Reading about Gandhi today feels more relevant than ever, given that we live in an age where violence is treated as an almost inevitable, or even necessary response to any attack. Gandhi’s formulation of a tenacious non-violence derived from a deep, personal transformation that possibly hadn’t stopped till Nathuram Godse’s bullets hit their target. Some of the Mahatma’s “Experiments With Truth” are well-known because they were published by the leader himself, in candid accounts, in an age before the American academic, Brene Brown, advocated for expressing vulnerabilities.

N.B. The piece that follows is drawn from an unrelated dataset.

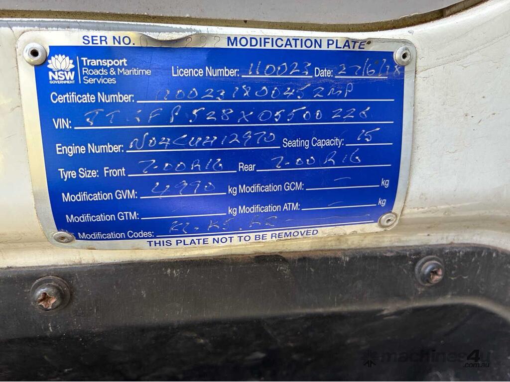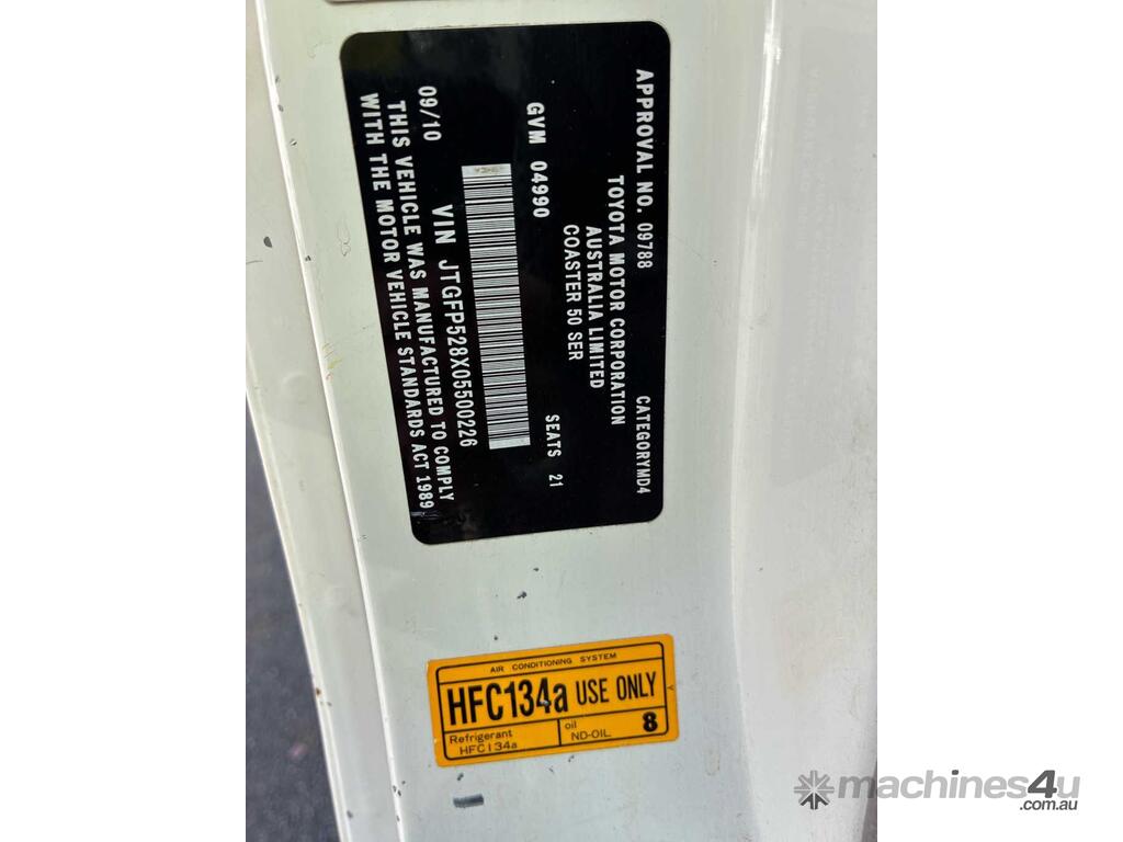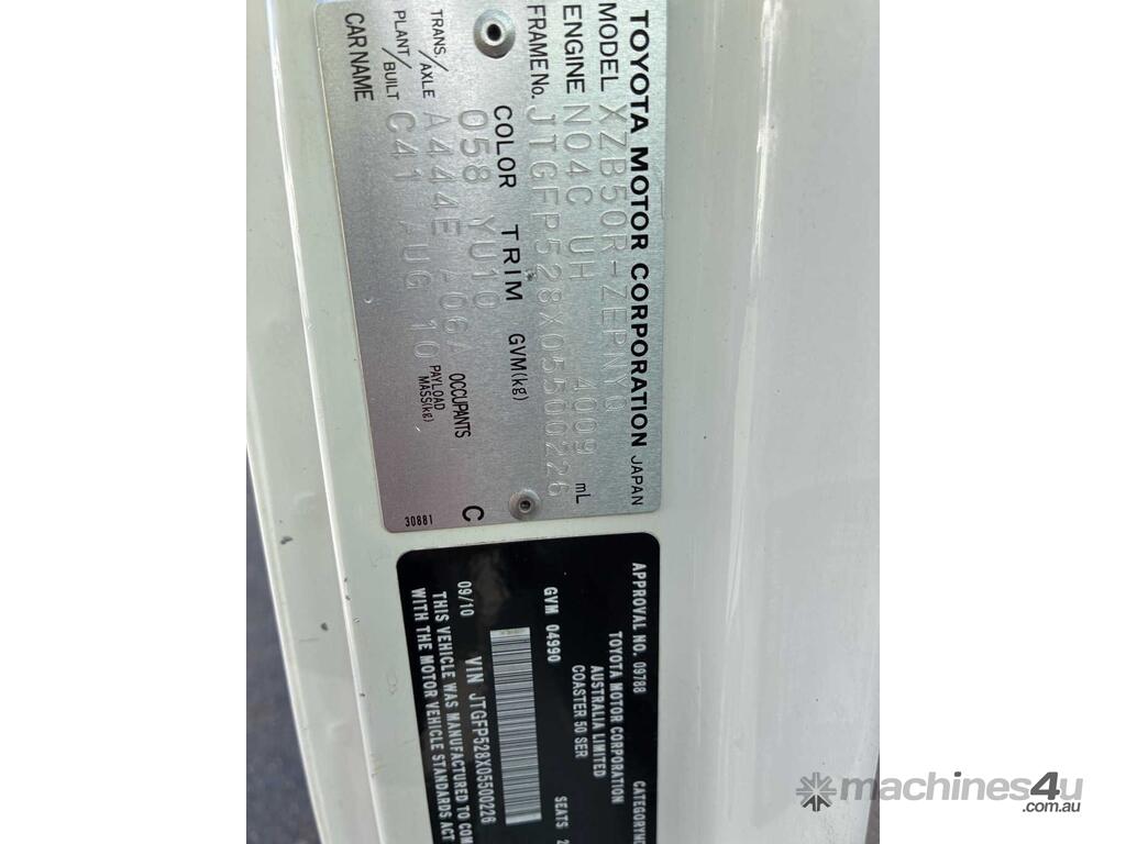 CP: 09/2010,Toyota,Coaster 50 Series,Bus,Automatic,Spring,Diesel,177886 (Kms. Showing on Odometer),Hourmeter not visible,Colour: White,Rego. No: NP(CQ27RR), Unregistered NSW,VIN: JTGFP528X05500226,Length: 6.1 M,GVM: 4990,Sold with No Plates,WOVR Status: Repairable Write-Off,Incident Type: Impact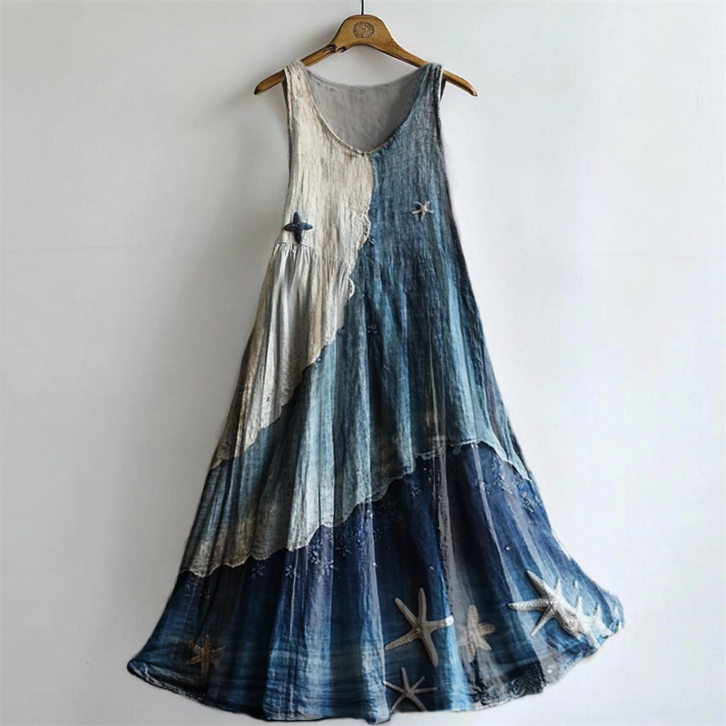Women's Starfish Gradient Pattern Art Print Round Neck Sleeveless Cotton Pocket Dress

Dieting Before It Was a Fad

To begin with there was his diet. His vegetarianism was not merely an outcome of his upbringing. Rather, he was influenced by a small circle of thinkers in the UK that included the poet Percy Bysshe Shelley. His personal but also politicized fasts were only an extreme form of an everyday ardor. He mainly ate raw foods – nuts, fruits and vegetables – since he believed that even “fire” and hence cooking was a form of violence. He was also demonstrating that humans were more similar to animals than we might like to believe in our over-intellectualized, acculturated states. Eating as animals do – directly off tree branches – would strip us off one more foisted difference.

Blurring the Political and Personal

Each political demand was accompanied by personal sacrifice. During the Salt March, he eliminated salt from his diet, almost as if he were engaged in a calculative tit-for-tat with the Higher Force. Because surely the British didn’t give a hoot about his diet, saltless or otherwise.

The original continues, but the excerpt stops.